▸ **Data for processing**:

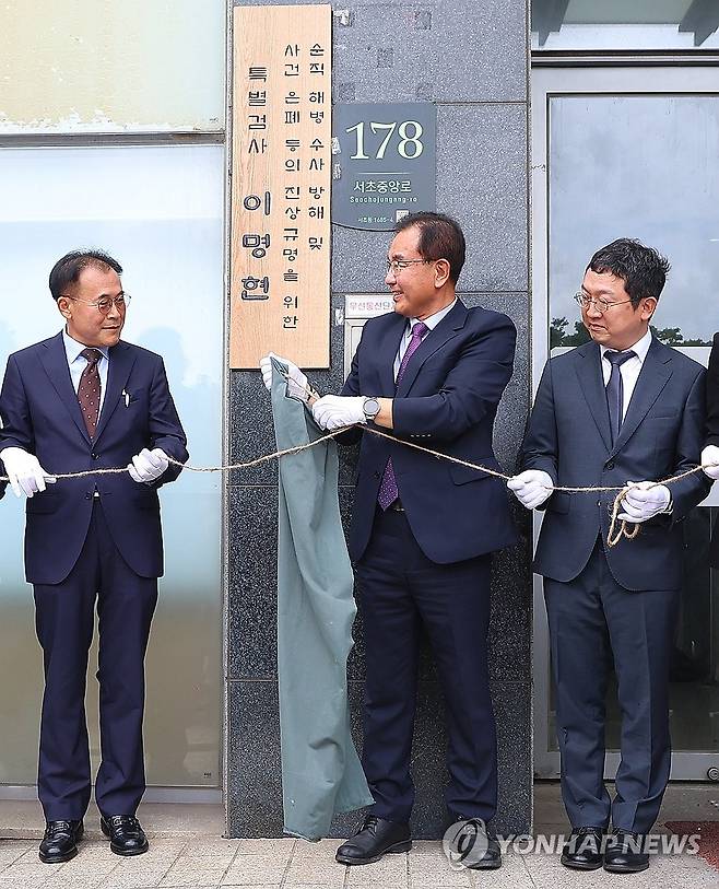 (서울=연합뉴스) 김도훈 기자 = 이명현 순직해병 특별검사가 2일 서울 서초구 특검 사무실에서 진행된 현판식에서 행사 직전 현판에서 떨어지는 천막을 잡고 있다.
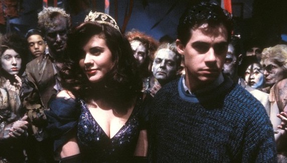 PROM NIGHT III: THE LAST KISS (1990) Since her reign of terror in Prom Night II, Prom Queen mass murderer, Mary Lou Maloney (Courtney Taylor), has been held captive in Prom Hell. After cutting through her chains with a nail file, Mary Lou heads back to haunt the hallways of Hamilton High, where she immediately begins picking off school employees in comical fashion. “It wasn’t a person. It was a guidance counselor!” Mary Lou then sets her eyes on class nerd Alex (Tim Conlon), using him as a puppet to bring her more souls for her buffet of carnage. In return, she transforms Alex into the perfect student, even allowing him to score a touchdown for the football team. Alex eventually tires of Mary Lou’s bloodshed and wants out of their demented symbiotic relationship, but not before Ms. Maloney steals Alex away to Hell—which is 1957 Hamilton High, the night Mary Lou was crowned Prom Queen. This has nothing to do with the first two Prom Nights and has more of a Nightmare on Elm Street vibe, but it’s not all bad. Taylor is funny, Conlon makes for a likable schmuck, and there are several imaginative set pieces, including a flying football that turns into a metal spike and impales the school bully. Prom Night III ultimately shoots itself in the foot by offering a clever twist ending that it drops the ball on way too quickly, leaving the viewer somewhat dissatisfied. Still, harmless fun. B–
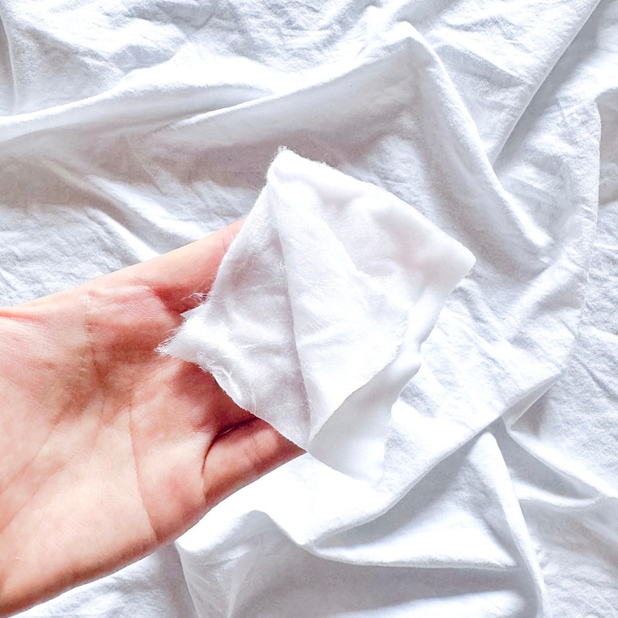 天然コットンを100%使用し、接着剤を使わず水で編み上げているので、ふんわりやさしい肌あたり。
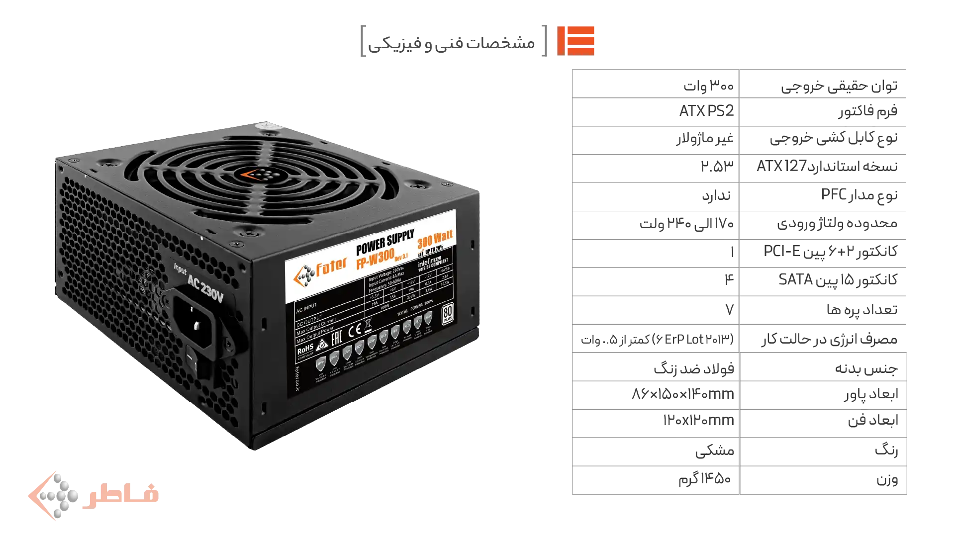 ویژگیهای تخصصی پاور کامپیوتر Fater FP-W300
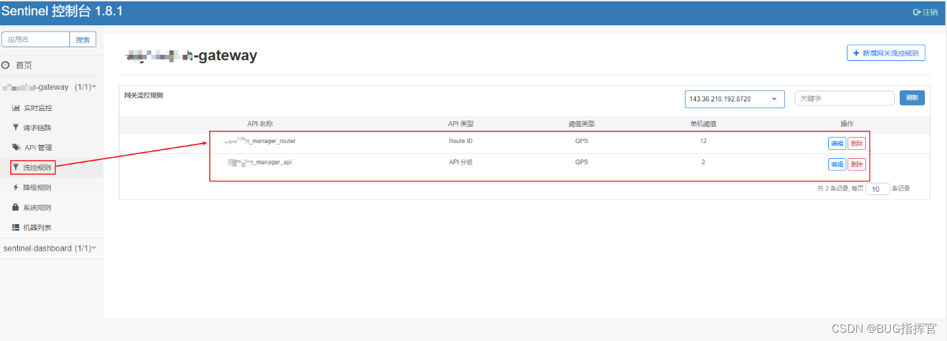 说明:具体的配置参数说明请参考官网地址https://github.com/alibaba/Sentinel/wiki/%E7%BD%91%E5%85%B3%E9%99%90%E6%B5%81
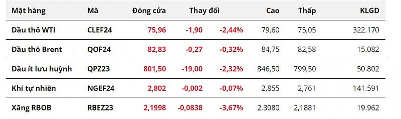 Chốt phiên, giá dầu WTI kỳ hạn tháng 1 giảm 2,44% xuống 75,96 USD/thùng. Dầu Brent cùng kỳ hạn giảm 0,32% xuống 82,83 USD/thùng. Brent kỳ hạn tháng 2/2024 bắt đầu được giao dịch, đã giảm 2,4% xuống 80,86 USD/thùng. Như vậy, so với tháng 10, dầu thô đã đánh mất 6,25% giá trị, ghi nhận tháng giảm giá thứ hai liên tiếp.

▸ **What the exercise asks**:
Return every entry of the data above verbatim, with no images included.

▸ **Output of the exercise**:
 (서울=연합뉴스) 김도훈 기자 = 이명현 순직해병 특별검사가 2일 서울 서초구 특검 사무실에서 진행된 현판식에서 행사 직전 현판에서 떨어지는 천막을 잡고 있다.
 PROM NIGHT III: THE LAST KISS (1990) Since her reign of terror in Prom Night II, Prom Queen mass murderer, Mary Lou Maloney (Courtney Taylor), has been held captive in Prom Hell. After cutting through her chains with a nail file, Mary Lou heads back to haunt the hallways of Hamilton High, where she immediately begins picking off school employees in comical fashion. “It wasn’t a person. It was a guidance counselor!” Mary Lou then sets her eyes on class nerd Alex (Tim Conlon), using him as a puppet to bring her more souls for her buffet of carnage. In return, she transforms Alex into the perfect student, even allowing him to score a touchdown for the football team. Alex eventually tires of Mary Lou’s bloodshed and wants out of their demented symbiotic relationship, but not before Ms. Maloney steals Alex away to Hell—which is 1957 Hamilton High, the night Mary Lou was crowned Prom Queen. This has nothing to do with the first two Prom Nights and has more of a Nightmare on Elm Street vibe, but it’s not all bad. Taylor is funny, Conlon makes for a likable schmuck, and there are several imaginative set pieces, including a flying football that turns into a metal spike and impales the school bully. Prom Night III ultimately shoots itself in the foot by offering a clever twist ending that it drops the ball on way too quickly, leaving the viewer somewhat dissatisfied. Still, harmless fun. B–
 天然コットンを100%使用し、接着剤を使わず水で編み上げているので、ふんわりやさしい肌あたり。
 ویژگیهای تخصصی پاور کامپیوتر Fater FP-W300
 说明:具体的配置参数说明请参考官网地址https://github.com/alibaba/Sentinel/wiki/%E7%BD%91%E5%85%B3%E9%99%90%E6%B5%81
 Chốt phiên, giá dầu WTI kỳ hạn tháng 1 giảm 2,44% xuống 75,96 USD/thùng. Dầu Brent cùng kỳ hạn giảm 0,32% xuống 82,83 USD/thùng. Brent kỳ hạn tháng 2/2024 bắt đầu được giao dịch, đã giảm 2,4% xuống 80,86 USD/thùng. Như vậy, so với tháng 10, dầu thô đã đánh mất 6,25% giá trị, ghi nhận tháng giảm giá thứ hai liên tiếp.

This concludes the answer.